In früheren Zeiten tummelten sich neben den Landstraßen oft feurige Männer. Sie wagten sich an dunklen Abenden und Nächten an die Fuhrleute heran und begleiteten sie, damit sie nicht vom Weg abkommen sollten. Gespenstisch leuchteten sie in die Finsternis hinein. Nie taten sie von sich aus den Menschen etwas Böses an. Sie verlangten aber einen kleinen Dank, etwa ein Krümchen Brot oder ein “Vergelt´s Gott”. Wer das nicht wusste oder zu geizig war, der konnte sicher sein, dass er von den feurigen Männern unbarmherzig in die Irre geführt wurde.

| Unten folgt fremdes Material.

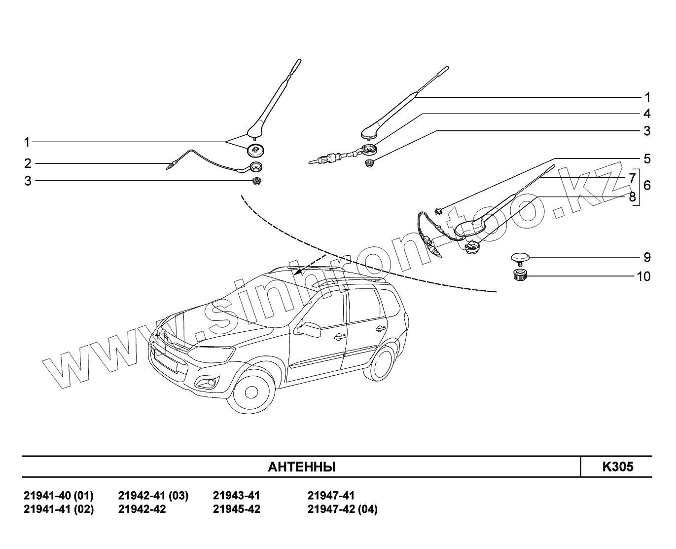 Каталог запасных частей к технике: ВАЗ LADA Kalina 2194. K305. Антенны

Diese Erfahrung musste einst ein Bauer machen. Er hatte auf der Mühle zu tun und wurde auf der Heimfahrt von der Dunkelheit überrascht. Da er noch den heimtückische Waldstück zu passieren hatte, rief er in seiner Not die Feuermännlein und versprach ihnen einen Laib Brot. Sie kamen und halfen. Bis an sein Haus leuchteten sie ihm. Als sie aber den Lohn verlangten, vertröstete er sie, sie sollten doch ein anderes Mal wiederkommen. Das taten sie auch, aber der Geizhals jagte sie weg.
Nach einiger Zeit passierte dem Bauern das gleiche Missgeschick. Wieder verspätete er sich bei der Mühle, und abermals brach die Nacht herein. Wieder bekam er es mit der Angst zu tun und rief nochmals die feurigen Männlein. Sie erschienen auch, führten ihn aber diesmal samt Fuhrwerk und Pferden in ein Sumpfloch, wo er jämmerlich ums Leben kam.
Aus anderen Erzählungen erfahren wir, dass die Feuermänner verwunschene Gestalten waren, die nur durch die Dankbarkeit der Menschen erlöst werden konnten. So sagte eine überglückliche Mutter aus dem Schwarzenfelder Raum zu einem Feuermann, der ihr geholfen hatte in völliger Dunkelheit ihr verirrtes Kind wieder zu finden: “Möge dir der liebe Gott vergelten, was du heute für uns getan hast.” Darauf erwiderte jener, wie es heißt, mit freudiger Stimme: “Auf diese Rede habe ich schon hundert Jahre gewartet. Jetzt hast du mich erlöst.” Daraufhin wurde er in dieser Gegend nicht mehr gesehen. Dasselbe erlebte auch ein Bauer aus der Nähe, dem in der Nacht der Regen die Laterne ausgelöscht hatte.
Ein Feuermann half, und nachdem sich der Bauer herzlich bedankt hatte, verschwand er für immer in der Dunkelheit. Verständlich, warum die feurigen Männer so sehr auf einen Dank der Menschen warteten, wenn sie dadurch erlöst wurden.